The Japanese government, for its part, has argued that “there is no possibility that Japan will change course of being a pacifist country,” according to Koichi Mizushima, deputy press secretary for Japan’s Ministry of Foreign Affairs. “Our foreign policy has not changed, and will not change at all.” Gerry Curtis, a respected Japan expert at Columbia University in New York, added: “The idea that [Mr. Abe] seeks to recreate the kind of Japan that was militaristic and aggressive and colonized Korea and so on – I think it’s total nonsense,” he said.

But, Prof. Curtis said, Mr. Abe “has a view of history that makes Chinese and Koreans particularly angry, and for good reason.”

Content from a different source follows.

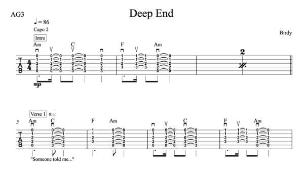 Strum Guitar Tablature for “Deep End” by Birdy
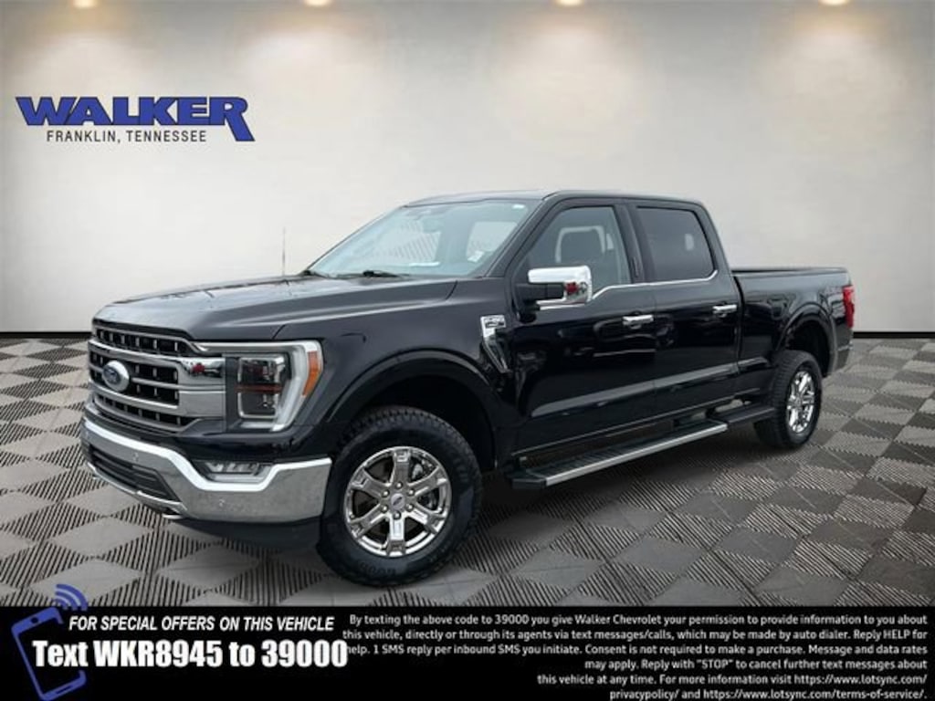 F-150 Lariat, 4D SuperCrew, 5.0L V8, 10-Speed Automatic, 4WD, Agate Black Metallic, Black Leather, 2nd Row Heated Seats, 3.31 Axle Ratio, 4-Wheel Disc Brakes, 6 Bright Polished Running Board, 7 Speakers, ABS brakes, Adjustable pedals, Air Conditioning, Alloy wheels, AM/FM radio: SiriusXM with 360L, Auto High-beam Headlights, Auto Start-Stop Removal, Auto-dimming door mirrors, Auto-dimming Rear-View mirror, Automatic temperature control, Brake assist, Bumpers: chrome, Chrome 2-Bar Grille w/4 Minor Bars, Chrome Door & Tailgate Handles w/Body-Color Bezel, Chrome Single-Tip Exhaust, Chrome Skull Caps on Exterior Mirrors, Class IV Trailer Hitch Receiver, Compass, Connected Built-In Navigation, Delay-off headlights, Driver door bin, Driver vanity mirror, Dual front impact airbags, Dual front side impact airbags, Electronic Stability Control, Emergency communication system: SYNC 4 911 Assist, Equipment Group 502A High, Evasive Steering Assist, Extended Range 36 Gallon Fuel Tank, Exterior Parking Camera Rear, Ford Co-Pilot360 Assist 2.0 (DISC), Front anti-roll bar, Front Center Armrest w/Storage, Front dual zone A/C, Front fog lights, Front reading lights, Front wheel independent suspension, Fully automatic headlights, Heated door mirrors, Heated front seats, Heated Steering Wheel, Illuminated entry, Intelligent Adaptive Cruise Control w/Stop & Go, Intersection Assist, Lariat Chrome Appearance Package, Leather-Trimmed 40/20/40 Front Seat, Leather-Trimmed Bucket Seats, LED Projector w/Dynamic Bending Headlamps, LED Sideview Mirror Spotlights, Low tire pressure warning, Memory seat, Occupant sensing airbag, Onboard 400W Outlet, Outside temperature display, Overhead airbag, Overhead console, Panic alarm, Passenger door bin, Passenger vanity mirror, Pedal memory, Power door mirrors, Power driver seat, Power Glass Sideview Mirr w/Chrome Skull Caps, Power passenger seat, Power steering, Power Tilt/Telescoping Steering Column w/Memory, Power windows, Radio data system, Radio: AM/FM SiriusXM w/360L, Radio: B&O Sound System by Bang & Olufsen, Rain-Sensing Wipers, Rear reading lights, Rear seat center armrest, Rear step bumper, Rear window defroster, Remote keyless entry, Security system, Speed control, Speed Sign Recognition, Speed-sensing steering, Split folding rear seat, Steering wheel mounted audio controls, SYNC 4 w/Enhanced Voice Recognition, Tachometer, Telescoping steering wheel, Tilt steering wheel, Traction control, Trip computer, Turn signal indicator mirrors, Twin Panel Moonroof, Universal Garage Door Opener, Variably intermittent wipers, Ventilated front seats, Voltmeter, Wheels: 18 Chrome-Like PVD, Wireless Charging Pad.

That view is encapsulated at Yasukuni, whose shrine-run museum, Yushukan, is filled with edited history, actively devoted to celebrating Japanese soldiers by diminishing the atrocities they committed against their neighbours over the past century. Outside Japan, the Japanese campaign against Nanjing is widely remembered as amongst the ugliest in modern military history, with tens of thousands of Chinese women raped and at least 100,000 killed. At Yushukan, a paragraph-length description of “The Nanking Incident” merely says Japanese solders were told “to maintain strict military disciplines [sic] and that anyone committing unlawful acts would be severely punished.”

Elsewhere, a large display honours 14 wartime leaders convicted as “Class A” war criminals. Guilty of “crimes against peace,” they are made gods at Yasukuni. Their pictures are displayed alongside a description of an Indian judge who questioned the legitimacy of the Tokyo War Crimes Trials, and the guilt of those who planned and carried out Japan’s military campaigns.

Mr. Abe’s own grandfather, Nobusuke Kishi, was once charged with war crimes, although he was never convicted. Mr. Kishi was part of the cabinet that ordered the Pearl Harbor attacks; he later ardently opposed the country’s pacifist constitution.

“Abe, I think, feels a familial obligation to defend the honour of his grandfather, who he didn’t think was an evil man. And I think that has a lot to do with his view of history,” said Mr. Curtis.

Mr. Okazaki sees it differently. Mr. Abe is less interested in his family history, he says, than “the honour of Japan.”

Yet Mr. Abe also faces a certain irony: if he is to defend Japan’s honour, it’s more likely to be through the Nikkei than Yasukuni. He has sought to restart the long-moribund Japanese economy by drenching markets with money in hopes of devaluing the yen and sparking growth. Even to Mr. Okazaki, Mr. Abe’s will be judged primarily on his ability to manage that process. Economic failure means political failure. But economic success?

“If the economy goes smoothly, I think he will be alright,” Mr. Okazaki said. “People will support him. Historical issues won’t matter.”